OK, sed may result in a difficult processing. awk could do the trick more or less easily, but I find perl much more easy for this task:
$ perl -pe 's/#[0-9a-f]+/$&=~tr%0123456789abcdef%fedcba9876543210%r/ge' <infile >outfile
Basically you find the pattern, then execute the right-hand side, which executes the tr on the match, and substitutes the value there.
The inversion is really a subtraction. To invert a hex, you just subtract it from ffffff.
With this in mind, you can build a simple script to process each line, extract hexes, invert them, and inject them back to the line.
This is using Bash (see arrays, printf -v, += etc) only (no external tools there):
#!/usr/bin/env bash
[[ -f $1 ]] || { printf "error: cannot find file: %s\n" "$1" >&2; exit 1; }
while read -r; do
# split line with '#' as separator
IFS='#' toks=( $REPLY )
for tok in "${toks[#]}"; do
# extract hex
read -n6 hex <<< "$tok"
# is it really a hex ?
if [[ $hex =~ [0-9a-fA-F]{6} ]]; then
# compute inversion
inv="$((16#ffffff - 16#$hex))"
# zero pad the result
printf -v inv "%06x" "$inv"
# replace hex with inv
tok="${tok/$hex/$inv}"
fi
# build the modified line
line+="#$tok"
done
# print the modified line and clean it for reuse
printf "%s\n" "${line#\#}"
unset line
done < "$1"
use it like:
$ ./invhex infile > outfile
test case input:
random text... #ffffff_random_text_#000000__
asdf#00ff00
bdf#cvb_foo
asdfghj
#bdfg
processed output:
random text... #000000_random_text_#ffffff__
asdf#ff00ff
bdf#cvb_foo
asdfghj
#bdfg
This might work for you (GNU sed):
sed '/#[a-f0-9]\{6\}\>/!b
s//\n&/g
h
s/[^\n]*\(\n.\{7\}\)[^\n]*/\1/g
y/0123456789abcdef/fedcba9876543210/
H
g
:a;s/\n.\{7\}\(.*\n\)\n\(.\{7\}\)/\2\1/;ta
s/\n//' file
Explanation:
/#[a-f0-9]\{6\}\>/!b bail out on lines not containing the required pattern
s//\n&/g prepend every pattern with a newline
h copy this to the hold space
s/[^\n]*\(\n.\{7\}\)[^\n]*/\1/g delete everything but the required pattern(s)

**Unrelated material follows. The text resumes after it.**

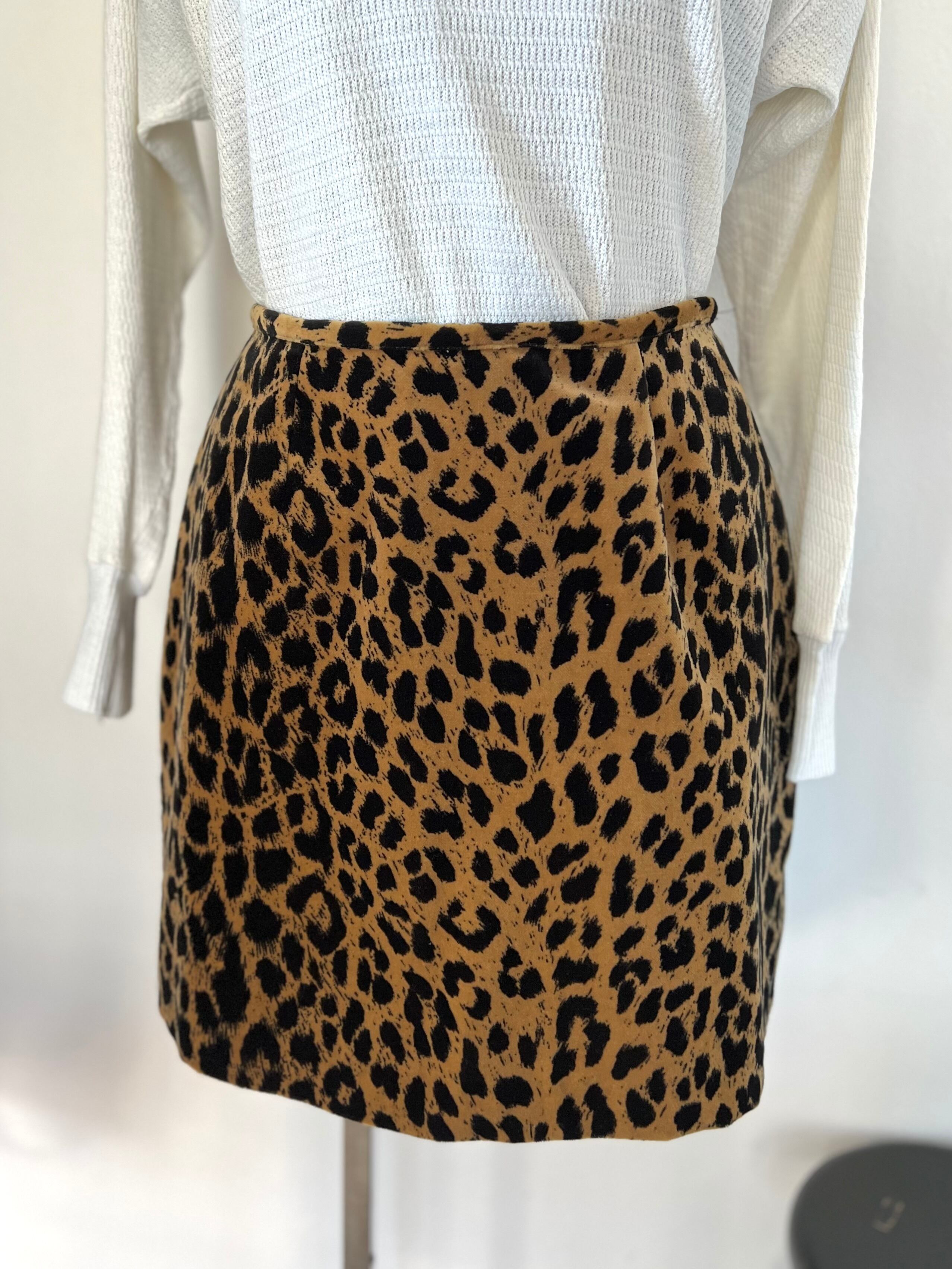 80's USA velvet leopard mini skirt

y/0123456789abcdef/fedcba9876543210/ transform the pattern(s)
H append the new pattern(s) to the hold space
g overwrite the pattern space with the contents of the hold space
:a;s/\n.\{7\}\(.*\n\)\n\(.\{7\}\)/\2\1/;ta replace the old pattern(s) with the new.

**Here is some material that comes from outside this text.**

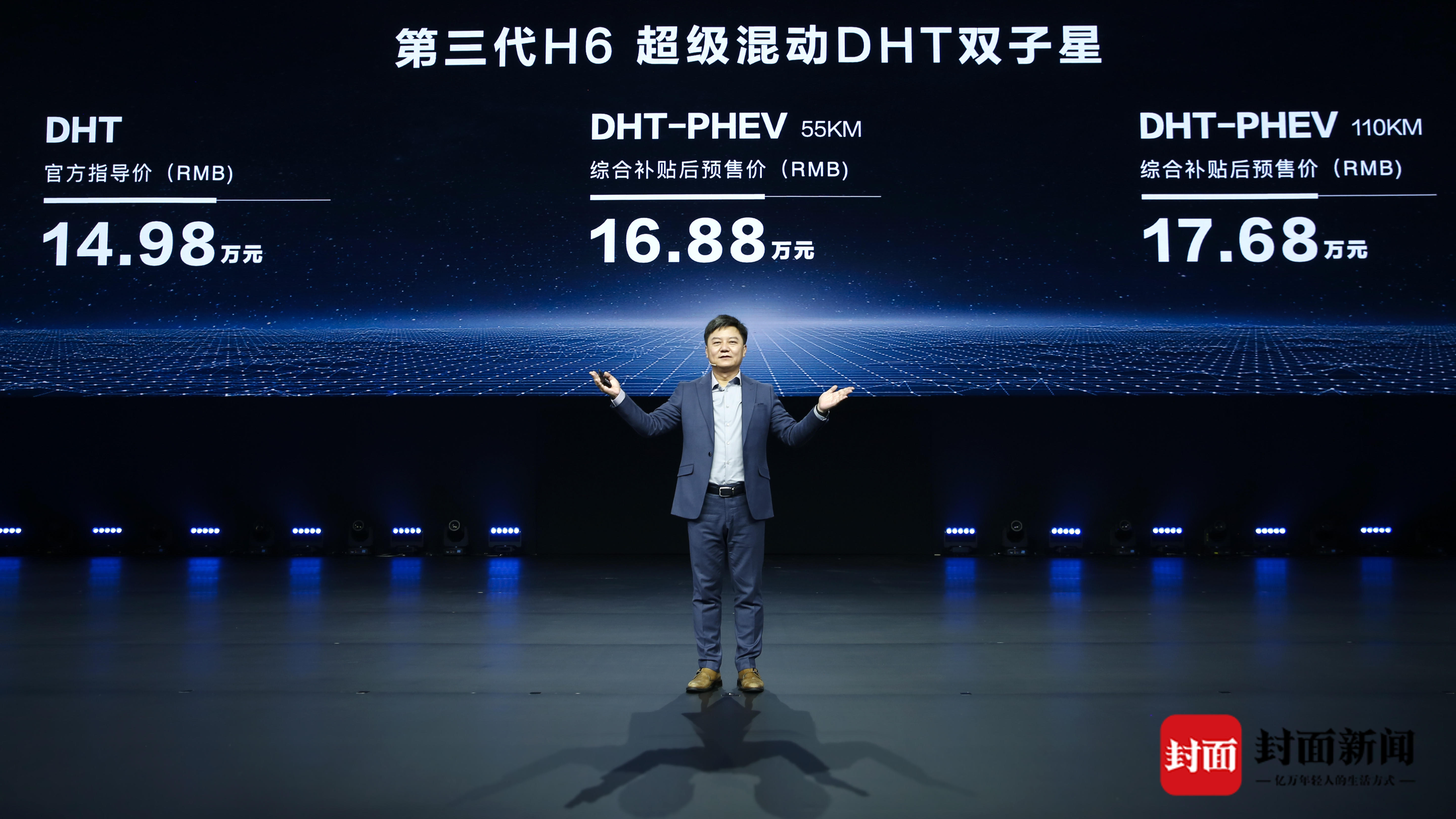 在品牌战略发布之际,第三代H6超级混动DHT双子星随即正式亮相上市。哈弗H6 DHT HEV 车型上市官方指导价为14.98万元。DHT PHEV车型同步开启预售,55km车型综合补贴后预售价16.88万元,110km车型综合补贴后预售价17.68万元。

s/\n// remove the newline artifact from the H command.
This works...
cat test.txt |sed -e 's/\#\([0123456789abcdef]\{6\}\)/\n\#\1\n/g' |sed -e ' /^#.*/ y/0123456789abcdef/fedcba9876543210/' | awk '{lastType=type;type= substr($0,1,1)=="#";} type==lastType && length(line)>0 {print line;line=$0} type!=lastType {line=line$0} length(line)==0 {line=$0} END {print line}'
The first sed command inserts line breaks around the hex codes, then it is possible to make the substitution on all lines starting with a hash. There are probably an elegant solution to merge the lines back again, but the awk command does the job. The only assumption there is that there won't be two hex-codes following directly after each other. If so, this step has to be revised.